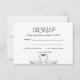 Eine einfache und elegante RSVP-Karte für eine weiße Hochzeit mit Vorlagen für die Antwort nach Datum, Namen etc. Zwei wunderschöne Schwäne, die ihre Köpfe zusammenbiegen und eine Herzform bilden. Weißer Hintergrund. Zurück: Name der Braut und Bräutigam, Datum der Hochzeit und Hochzeit. Mit einem Bild der beiden Schwäne.
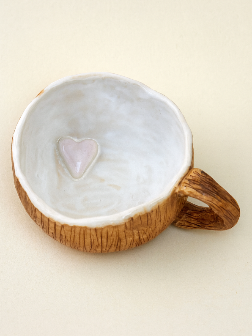 Кружка ручной работы «Кокос» с сердечком внутри, коричневая, керамика, 360 мл
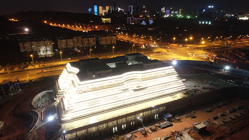 在淡白色燈光籠罩下,一座外形層層交疊的建筑物,好似一本正在被翻閱的巨型“圖書”,在夜幕中格外引人注目。5月22日晚,位于玉洞大道與玉象路西南面的南寧市圖書館新館首次亮燈了。
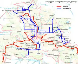 - Схема движения городского транспорта Донецка на карте (трамвай, троллейбус, автобус и маршрутки Донецка). Архів оригіналу за 28 листопада 2012. Процитовано 21 грудня 2016.(рос.)
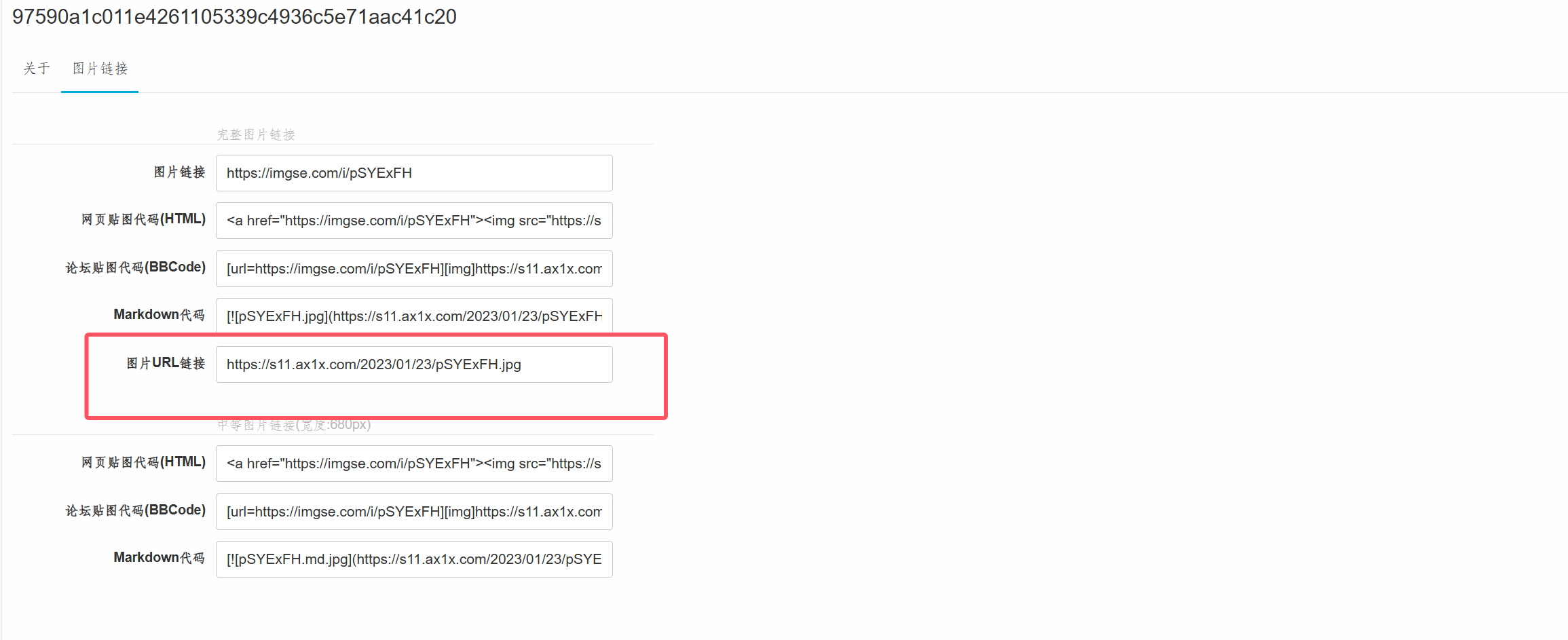 较小的图片只会出现上半部分,而图中圈出的URL链接,即为该图片的直链,将其复制,在编写文章时点击导航栏最左端的+号并选择图片一项

PROBLEM DESCRIPTION → The result is an exact copy of the lines from the one holding "Кружка ручной работы" through the final line of the data above, both ends included, minus the pictures.

ANSWER →
 Кружка ручной работы «Кокос» с сердечком внутри, коричневая, керамика, 360 мл
 在淡白色燈光籠罩下,一座外形層層交疊的建筑物,好似一本正在被翻閱的巨型“圖書”,在夜幕中格外引人注目。5月22日晚,位于玉洞大道與玉象路西南面的南寧市圖書館新館首次亮燈了。
 - Схема движения городского транспорта Донецка на карте (трамвай, троллейбус, автобус и маршрутки Донецка). Архів оригіналу за 28 листопада 2012. Процитовано 21 грудня 2016.(рос.)
 较小的图片只会出现上半部分,而图中圈出的URL链接,即为该图片的直链,将其复制,在编写文章时点击导航栏最左端的+号并选择图片一项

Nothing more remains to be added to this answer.